Antony John Jereos Lucas (Lekatsas) (1862–1946) was an influential Greek Australian businessman noted for his philanthropic activities and construction of numerous public and private buildings in Melbourne, Australia. Ultimately, Antony Lucas became the Greek Consul General to Australia in 1921 and Consul in Melbourne in 1931–46.

Born Antonios Ioannis Gerasimos Lekatsas on 18 October 1862, the second child of Ioannis Lekatsas (a priest) and his wife Magdalene Palmos.
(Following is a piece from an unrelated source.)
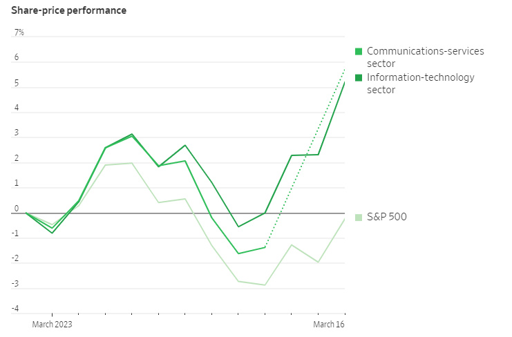 很有意思的是,科技股近来一直是在银行业暴跌而受到打击的美国市场上,一个极为闪耀的亮点。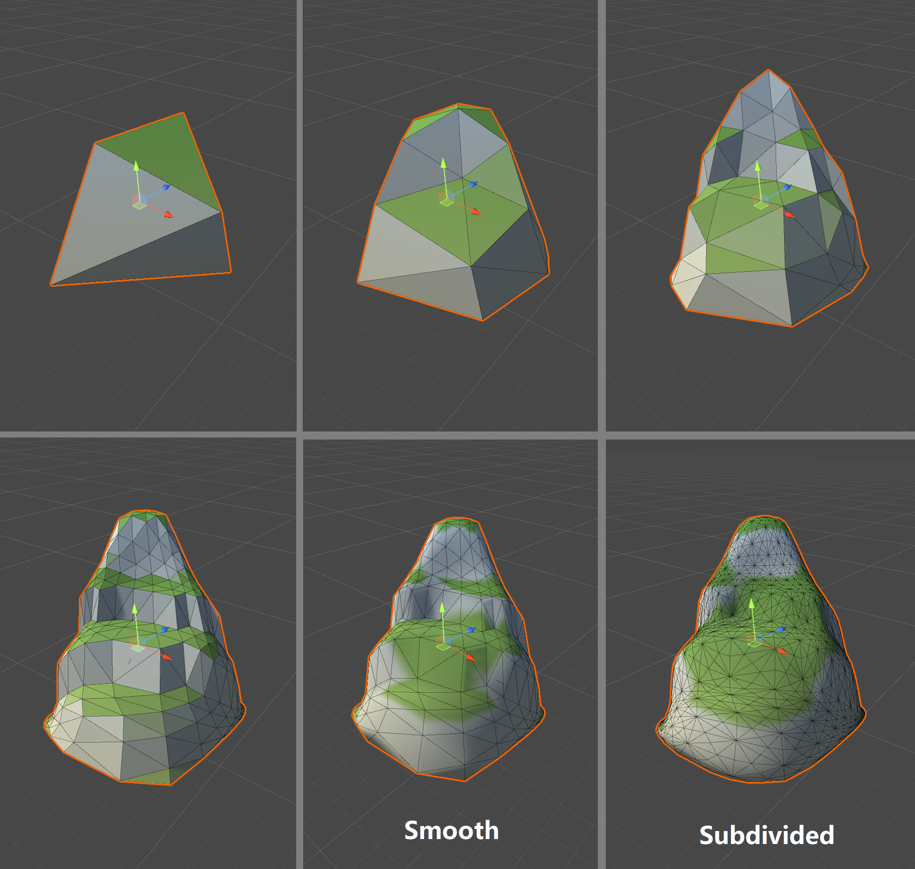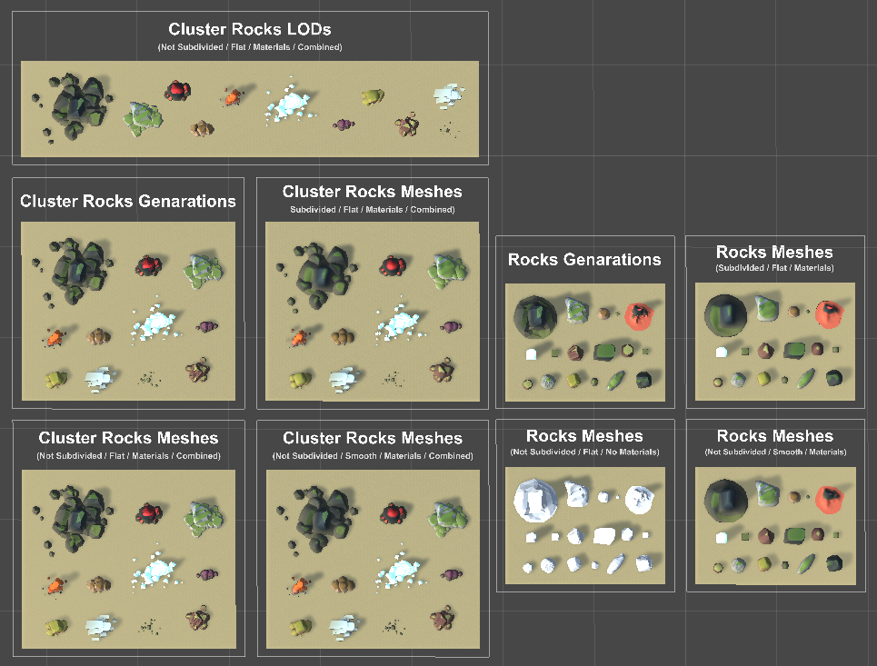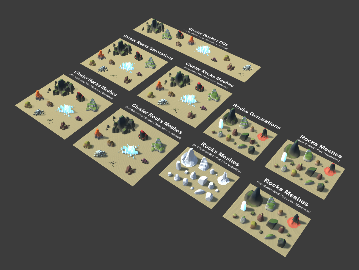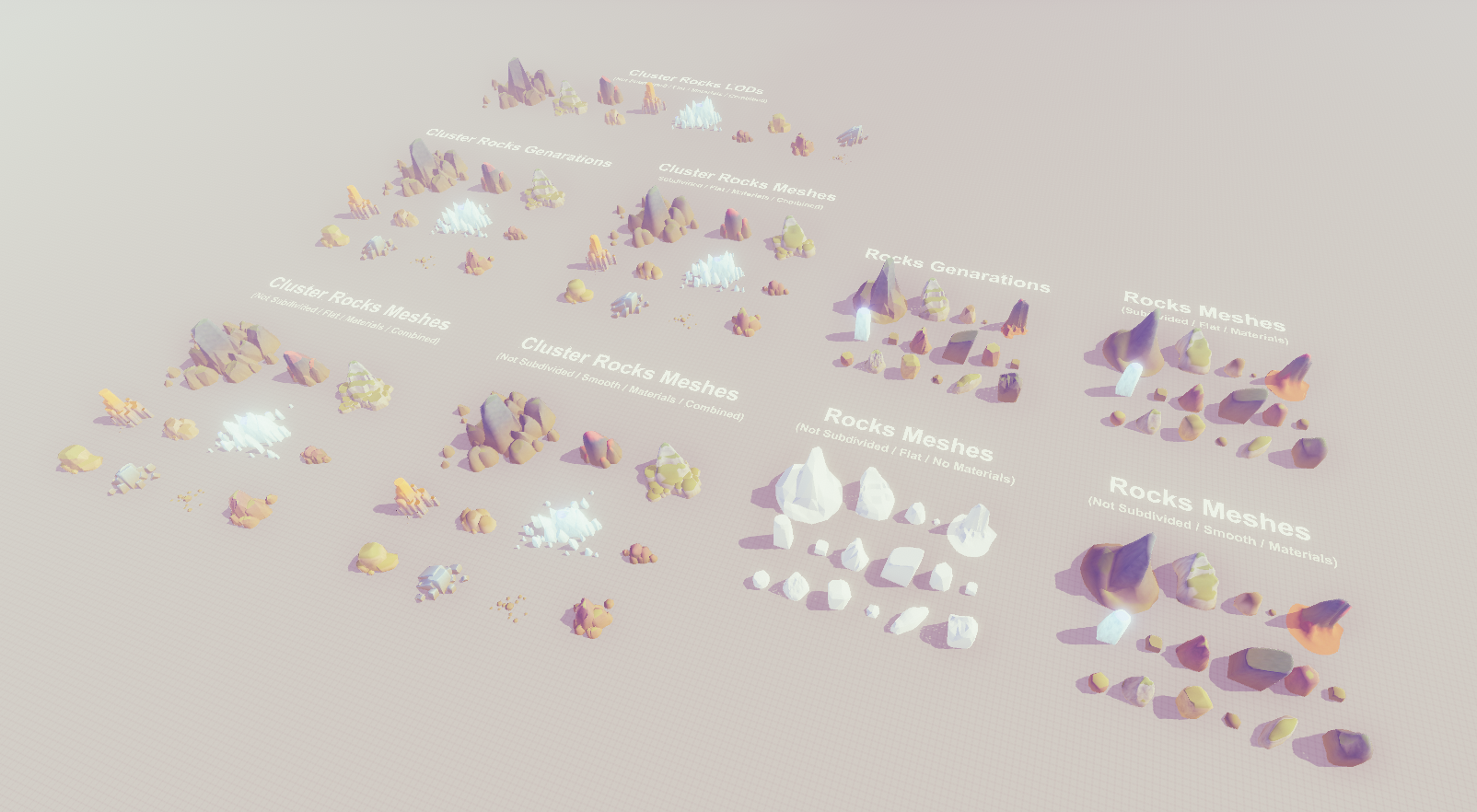 - Subdivided Meshes — High-detail rock geometry for close-up or hero assets

Migrating just before his younger brother Marino Lucas (Marinos Lekatsas) from their hometown of Exoghi (Exogi) on the Greek island of Ithaca in 1886, the young man quickly began to build his fortune.

In 1894 Lucas opened the Town Hall Café in Swanston Street, the main thoroughfare of Melbourne. Often employing Greek staff and spanning two floors, the café serviced over five hundred diners at any one time.

Initially residing on the top floor of the café, Lucas purchased the Toorak mansion Whernside in 1918. This property was subsequently owned by Jewish immigrant and business tycoon Solomon Lew. In 1928 Lucas moved to the large property Yamala on the Mornington Peninsula. Here he retained the services of noted American architect Walter Burley Griffin to redesign the house and gardens.

Lucas subsequently opened two more restaurants, the Paris Café, in Collins Street and the Vienna Café (on the site of what is now the Hotel Australia in Collins Street). These ventures prospered under Lucas' keen entrepreneurial skills.

From a December 2016 Sydney Morning Herald/Melbourne Age article by Arnold Zable:

"In 1915, a group of drunken soldiers, incensed that the Vienna Cafe bore the name of the enemy, stoned the premises and threatened its patrons. Lekatsas closed the cafe and hired Chicago architect, Walter Burley Griffin and his wife, Marion Mahoney Griffin, to remodel it. Griffin was in Australia to oversee the building of Canberra. The contract also allowed him to set up private practices in Melbourne and Sydney.

The cafe was re-opened in November 1916 at a gala event attended by prominent Melburnians, including opera singer, Nellie Melba. The guests were stunned by the arched quartz entrance, the piers with reliefs of Greek goddesses, the marble stairway to the grand banquet hall, the murals of Australian pastoral scenes, and the avant-garde design of the furniture, among many other striking features. The renovations arguably marked the beginnings of modernist architecture in Australia. Lekatsas was taking no chances – he renamed his venture Cafe Australia.